Quote all lines below exactly. Images stay out.

Source data:
==============================

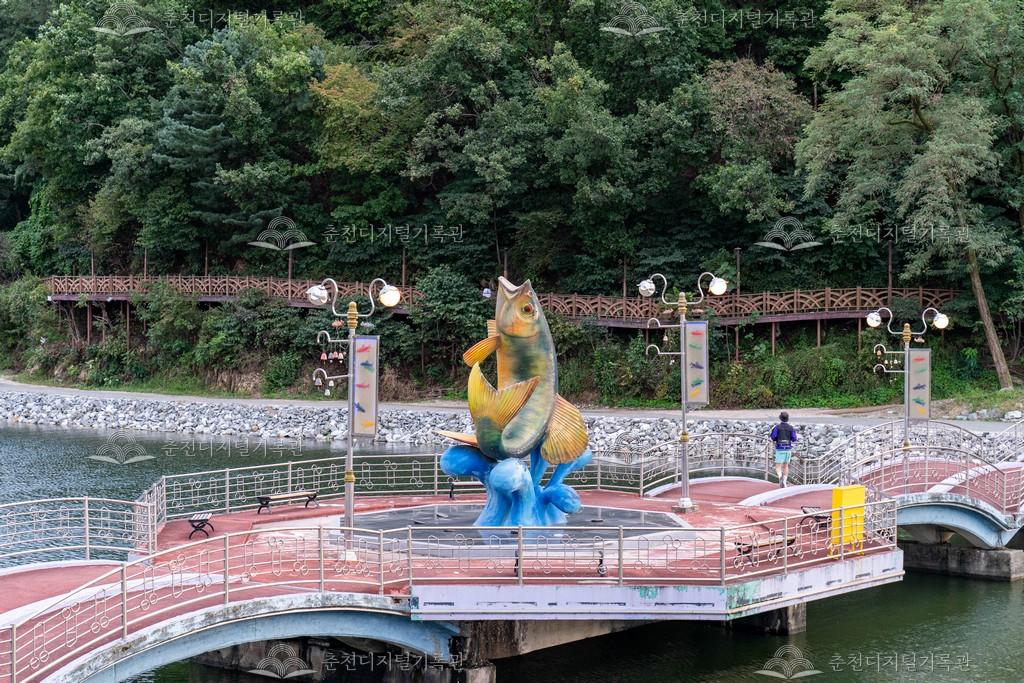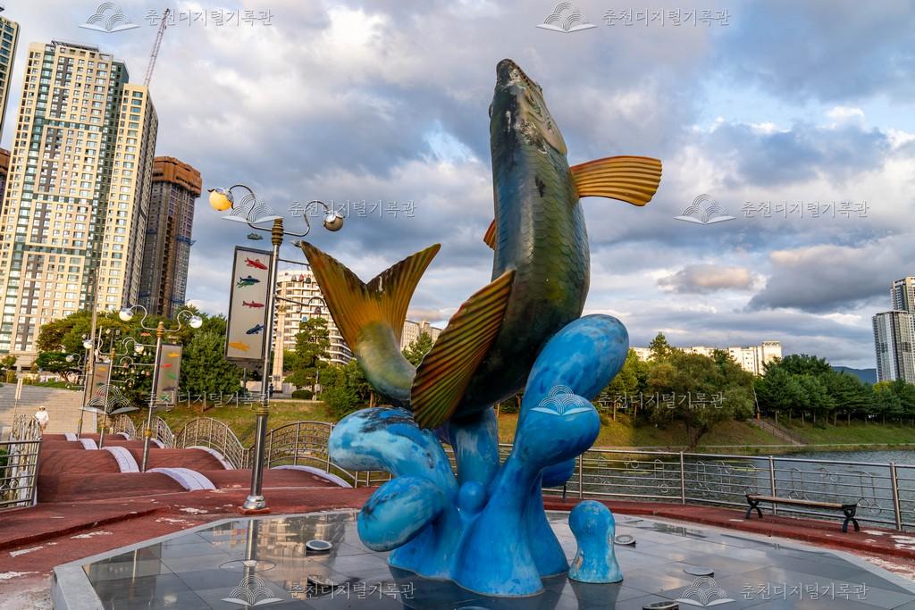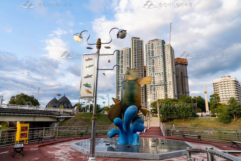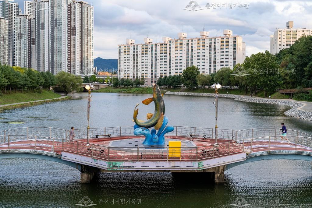 일명 호수의 집으로 불렸던 공지천교 옆의 팔각정은 춘천의 상징 중에 하나였다. 하지만 공치천의 환경정비 사업이 추진되면서 팔각정 음식점의 오폐수 문제가 불거지면서 팔각정의 철거가 확정되었다. 공지천에 있던 팔각정이 2002년 철거되면서 그 자리에 세워진 황금 쏘가리상 모습이다. [출처] 강남동 마을지
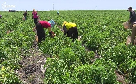 The families, including children, are now working on farmlands, harvesting tomatoes.
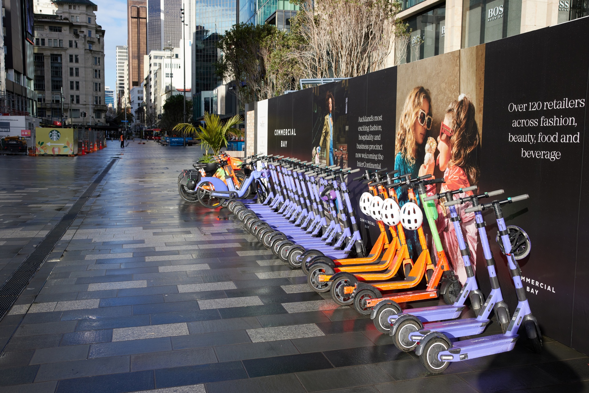 在2021年8月18日星期三的新西兰奥克兰市全国封锁期间,一排租用滑板车和自行车停放在一条空无一人的街道上。
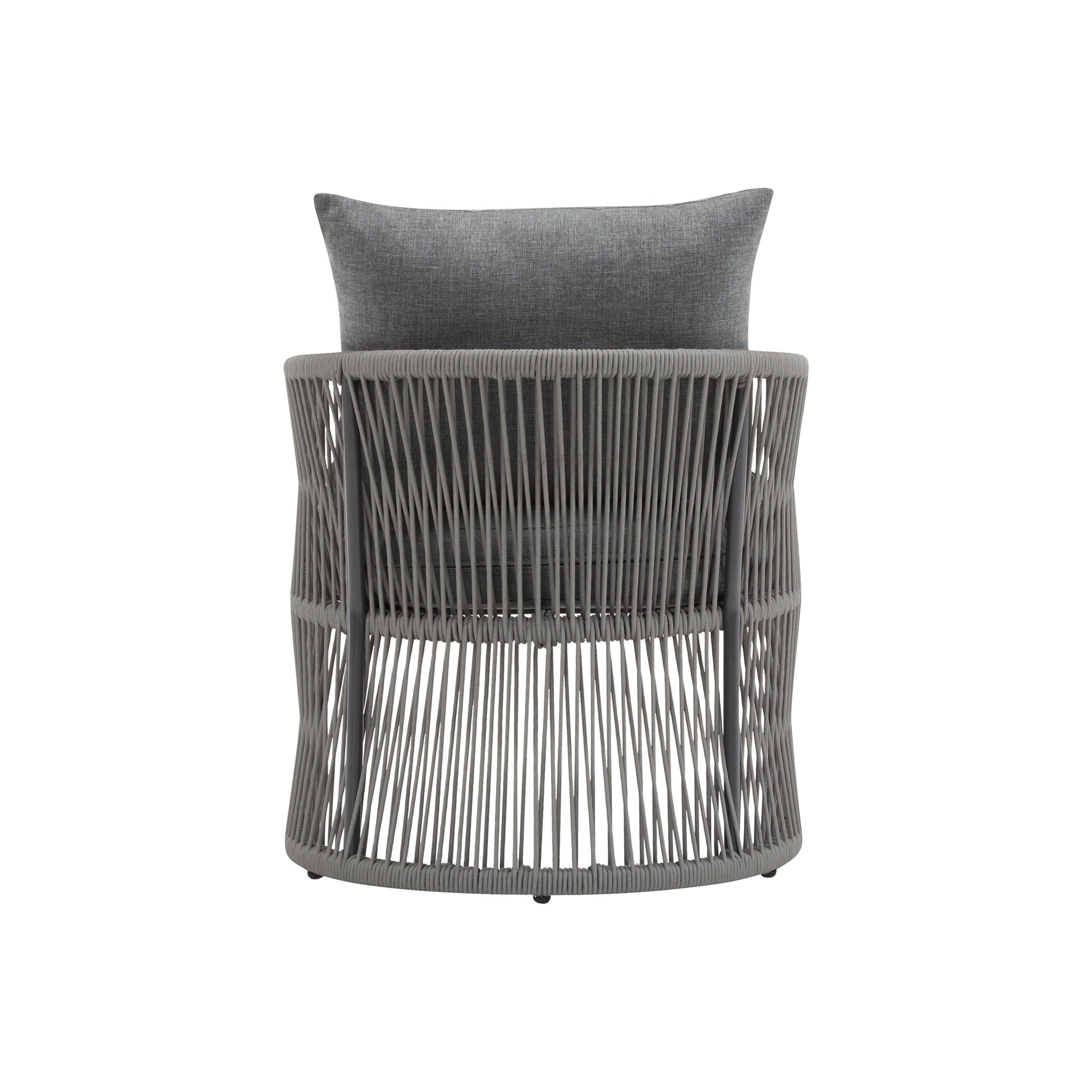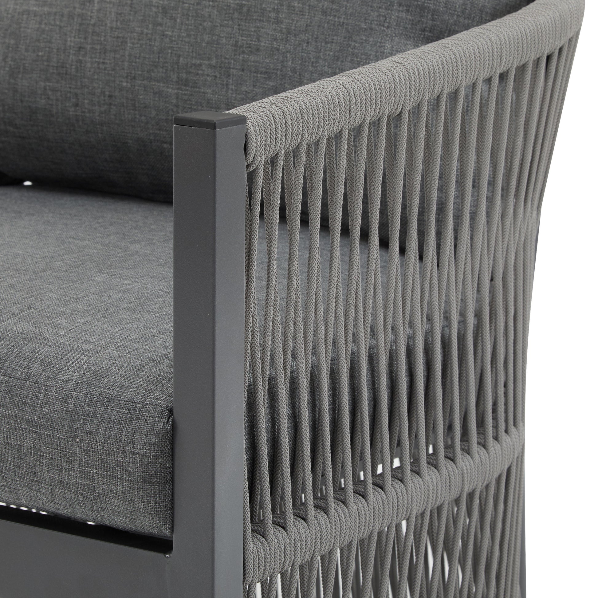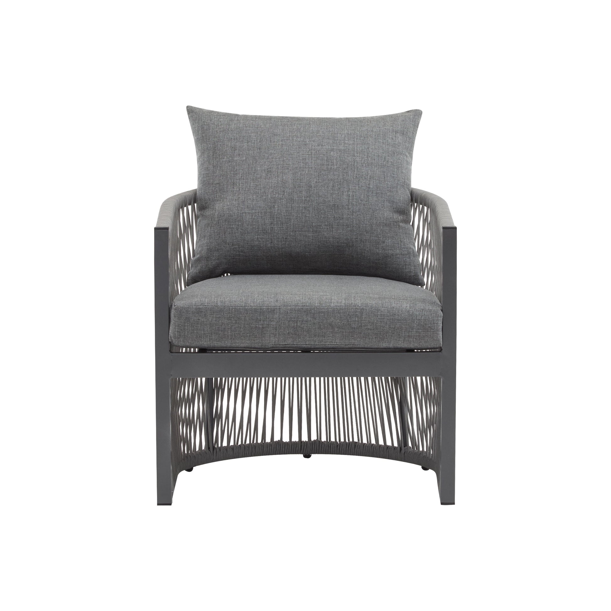 Modern Curved Aluminum Lounge Chair With Stylish Rope - Weave Design And Cushioned Comfort For Outdoor Living - Gray

==============================

Result of the task:
 일명 호수의 집으로 불렸던 공지천교 옆의 팔각정은 춘천의 상징 중에 하나였다. 하지만 공치천의 환경정비 사업이 추진되면서 팔각정 음식점의 오폐수 문제가 불거지면서 팔각정의 철거가 확정되었다. 공지천에 있던 팔각정이 2002년 철거되면서 그 자리에 세워진 황금 쏘가리상 모습이다. [출처] 강남동 마을지
 The families, including children, are now working on farmlands, harvesting tomatoes.
 在2021年8月18日星期三的新西兰奥克兰市全国封锁期间,一排租用滑板车和自行车停放在一条空无一人的街道上。
 Modern Curved Aluminum Lounge Chair With Stylish Rope - Weave Design And Cushioned Comfort For Outdoor Living - Gray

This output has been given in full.